To illustrate, in some implementations, the series of acts 700 includes determining, from the set of sentences in the textual transcript, a third sentence spoken by a third speaker; generating a third feature representation for the third sentence; and comparing the third feature representation with the name representation to determine whether the speaker name corresponds to the third sentence.
In addition, in some implementations, the series of acts 700 includes determining the first sentence spoken by the first speaker and the second sentence spoken by the second speaker by determining that the first sentence is spoken before the second sentence. Furthermore, in some implementations, the series of acts 700 includes determining the first sentence, the second sentence, and the third sentence by determining that the first speaker spoke the first sentence before the second speaker spoke the second sentence, and that the second speaker spoke the second sentence before the third speaker spoke the third sentence.
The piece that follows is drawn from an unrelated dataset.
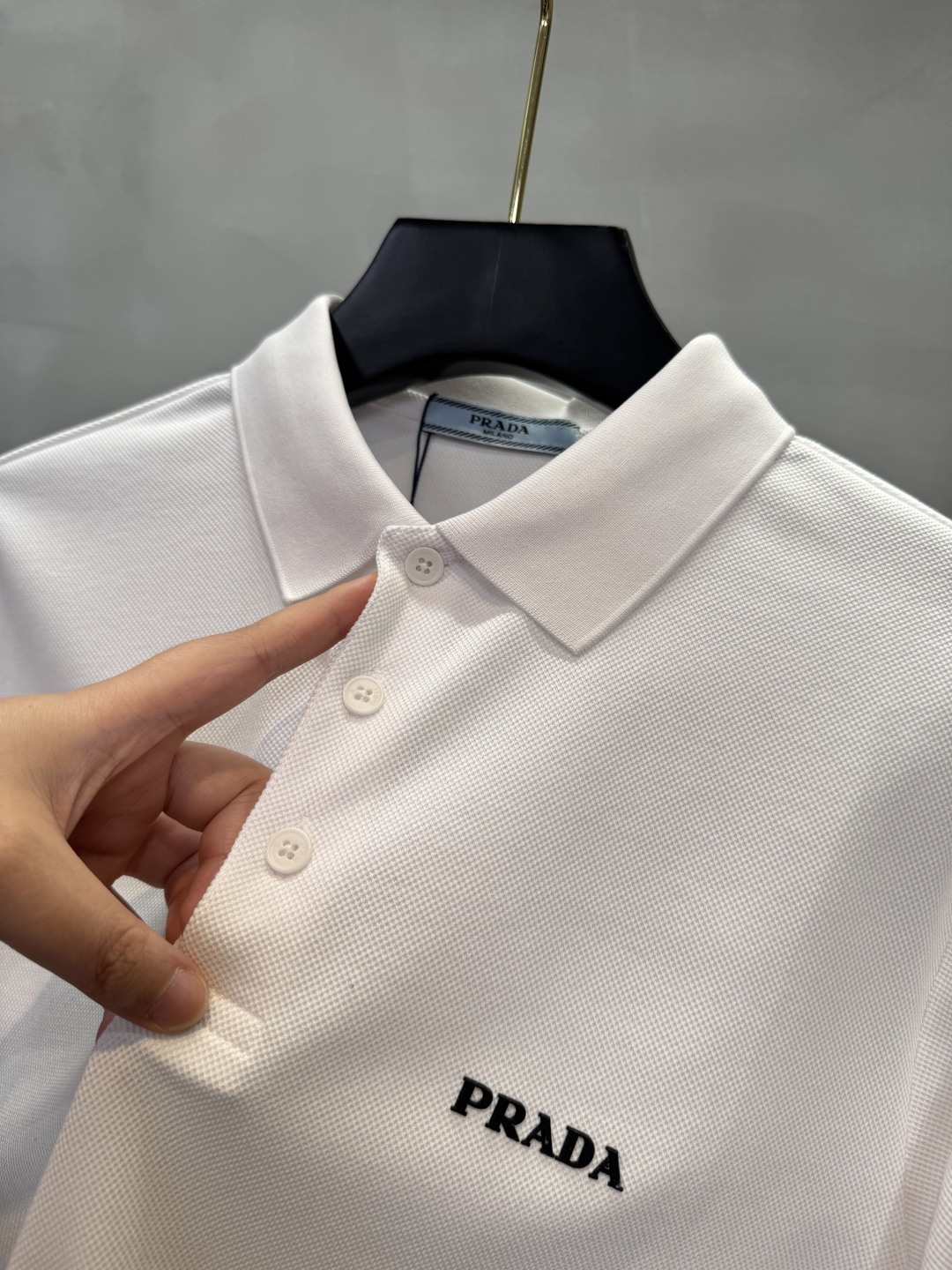 這款衣服是AAAAA 1:1 質量(非常棒). 使用了和原版一模一樣的材料. 商標部分也保持了和普拉達/Prada一樣. 圖片拍攝是實物衣服拍攝, 您所收到的實物保證和我們圖片一模一樣.

Moreover, in some implementations, the series of acts 700 includes concatenating the first sentence and the second sentence into a text sequence; and generating the first feature representation for the first sentence and the second feature representation for the second sentence by processing the text sequence through a trained language model to determine word representations from the first sentence and the second sentence. In some implementations, the series of acts 700 includes concatenating the first sentence, the second sentence, and the third sentence into a text sequence; and generating each of the first feature representation for the first sentence, the second feature representation for the second sentence, and the third feature representation for the third sentence by processing the text sequence through the language model to determine word representations from the first sentence, the second sentence, and the third sentence.
Furthermore, in some implementations, the series of acts 700 includes determining a first pair vector from the first feature representation and the name representation; determining a second pair vector from the second feature representation and the name representation; and determining a third pair vector from the third feature representation and the name representation. In some implementations, the series of acts 700 includes concatenating the name representation with the first feature representation to determine a first pair vector for the first sentence.
Additionally, in some implementations, the series of acts 700 includes comparing the first feature representation with the name representation by determining a probability score for the first feature representation indicating a probability that the speaker name belongs to the first speaker. In some implementations, the series of acts 700 includes determining, from the first pair vector utilizing a feed-forward network of the language model, a first probability score for the spoken name; determining, from the second pair vector utilizing the feed-forward network of the language model, a second probability score for the spoken name; and determining, from the third pair vector utilizing the feed-forward network of the language model, a third probability score for the spoken name.
Furthermore, in some implementations, the series of acts 700 includes comparing the first feature representation with the name representation by determining a probability score for the first feature representation indicating a first probability that the speaker name belongs to the first speaker; and comparing the second feature representation with the name representation by determining a probability score for the second feature representation indicating a second probability that the speaker name belongs to the second speaker.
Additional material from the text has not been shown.